Eamon – ‘F**k It (I Don’t Want You Back)’

15 April 2004

Eamon - 'Fuck It (I Don't Want You Back)'

‘Disingenuous’ is probably not the first bone you’d pick with this single, I grant you. However, the expression ‘Fuck It’, the track’s title, has an air of resigned acceptance: a world-weary shrug. The track itself, though, is a spittle-flecked, vein-bulging “Fuck you”, repeatedly, to a woman he calls some quite derogatory and misogynistic things. Not that you’d have heard any of that on the clean version for radio, but I doubt anyone bought this single for the clean version for radio.

The thing is, following the ‘Fuck It’ line of thought instead could have made this a totally different track, and maybe even a good one. That first verse is actually quite appealing, with its new jack swingbeat, Eamon’s puppyish voice, and lyrics that stick to inward pain rather than outward vitriol.

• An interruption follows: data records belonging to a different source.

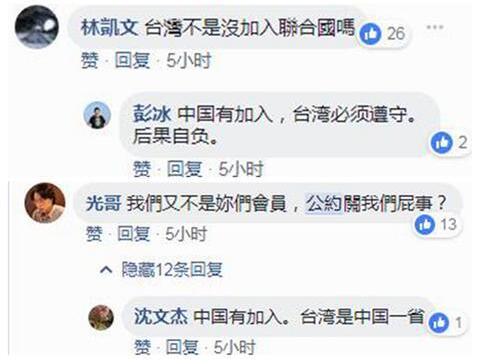 不过有网友指出,因为中国大陆是联合国会员,所以台湾地区必须遵从联合国旗下组织的公约,“台湾是中国一省。”
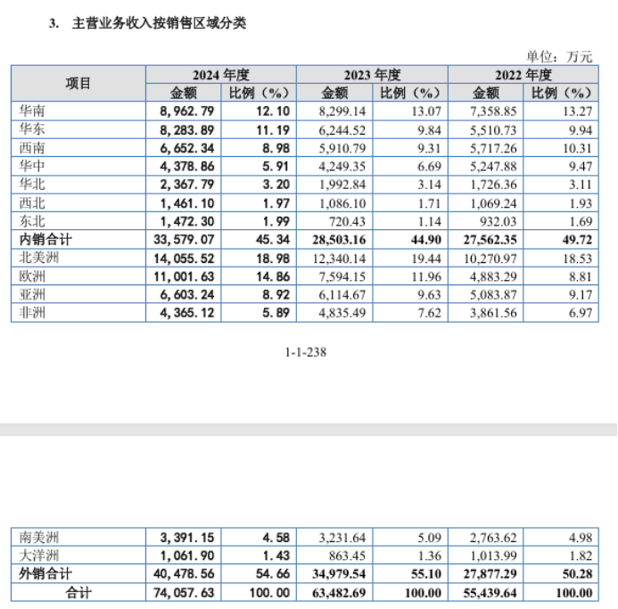 尤其重要的是,在雅图高新的营收中,外销超过了内销。报告期三年内销收入分别为27562.35万元(占比49.72%)、28503.16万元(占比44.90%)、33579.07万元(占比45.34%);而报告期三年外销收入分别为27877.29万元(占比50.28%)、34979.54万元(占比55.1%)、40478.56万元(占比54.66%)。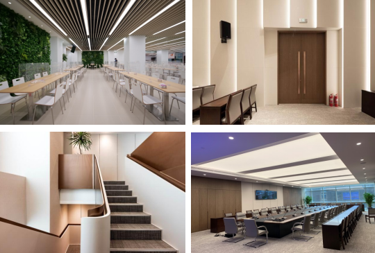 該工程總建筑面積62670.86㎡,其中實際裝修改造面積45941㎡。該項目主要施工內(nèi)容包含首層大堂,2-5層商業(yè)、會議室、報告廳、6-25層標準層辦公室、26-29層集團層辦公室、接待廳等全部工程的機電及裝修改造。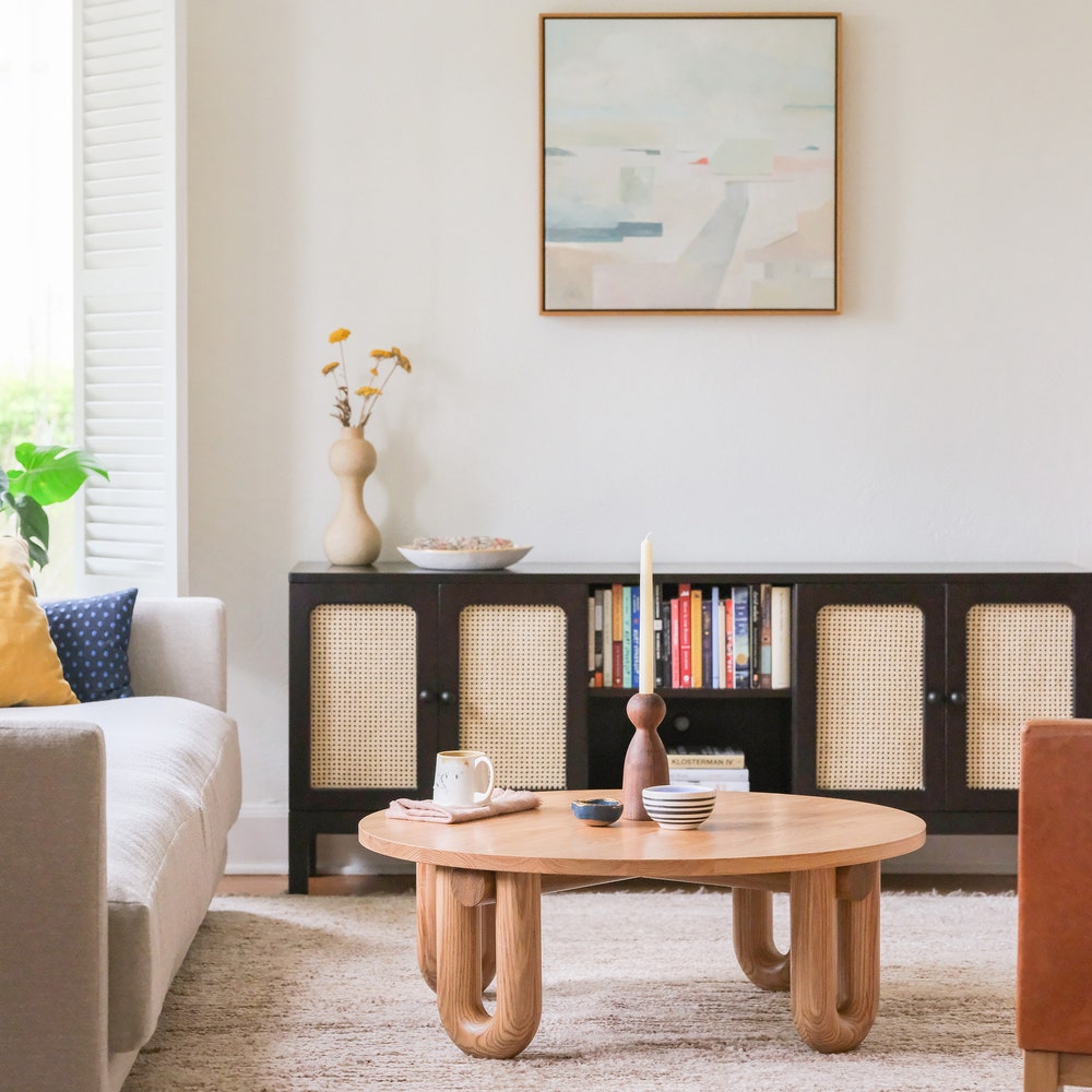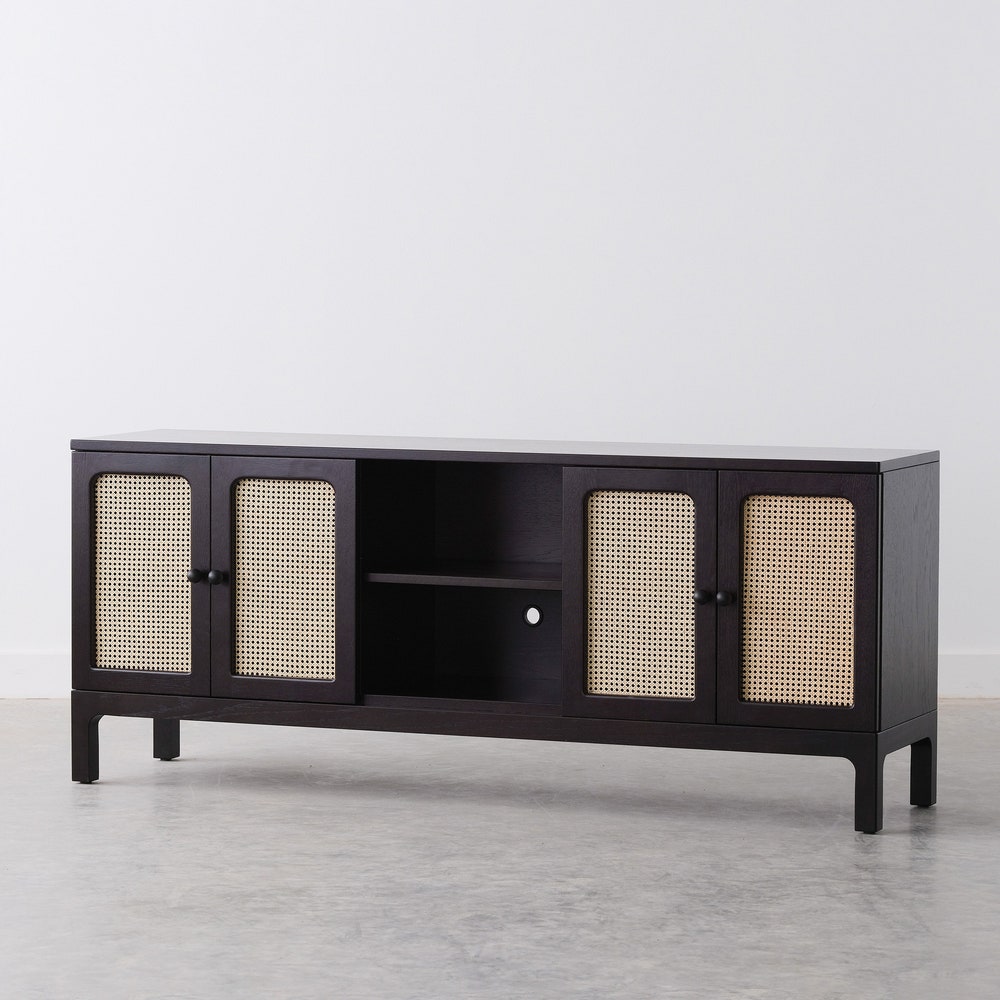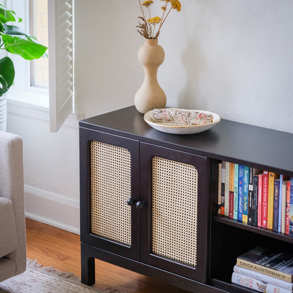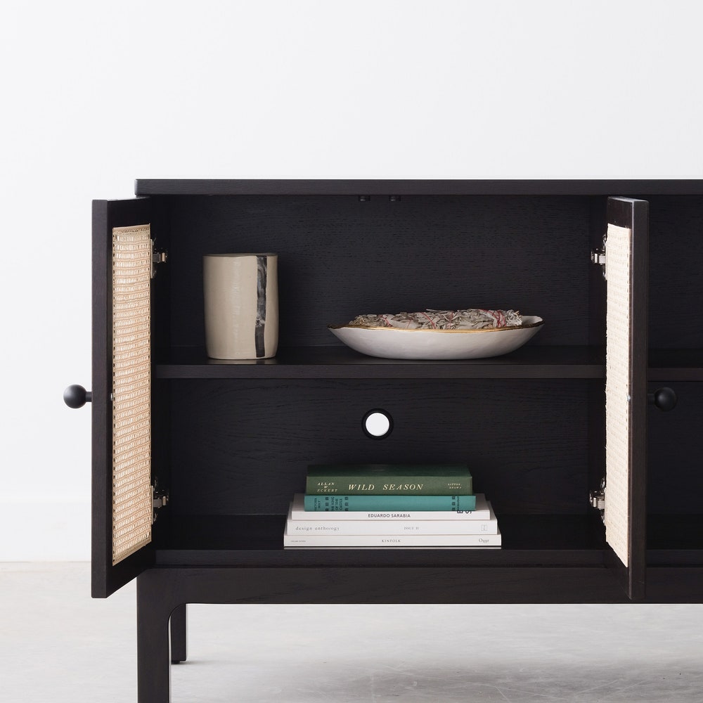Includes 3 adjustable shelves and 4 cane doors. Also includes 3 cord cutouts – 1 in each section, positioned low, centered. Pictured: Charcoal Dye on White oakHardware: flat black Ruth knobs Also available: White oak, Walnut, Cherry, MapleFinished with a clear, low sheen conversion varnish to provide durability and water resistance. DIMENSIONS64″ Wide x 15″ […]

Break-up songs are as old as time, and many’s the pop classic with an undercoat or even an overcoat of bitterness. The chorus and second verse, though, shoot right over bitterness and into hate. Eamon and the record company behind this cheap, nasty single are exploiting the post-Eminem (Eamonem!) and Limp Bizkit demand for angry white male rappers venting angry white male resentment and entitlement. Let’s not forget the proven market appetite for puerile shock-value records either.

That an almost-immediate response record from the girl’s point of view, ‘F.U.R.B.’ by Frankee, also became a huge hit is heartening: maybe the general public realised that Eamon, and liking Eamon, and enabling Eamon, were all wrong. I’d like to say that today, twenty years later, Eamon’s brand of celebrity-endorsed misogyny is gone the way of the Callcard, but anyone with an Internet connection knows the answer to that.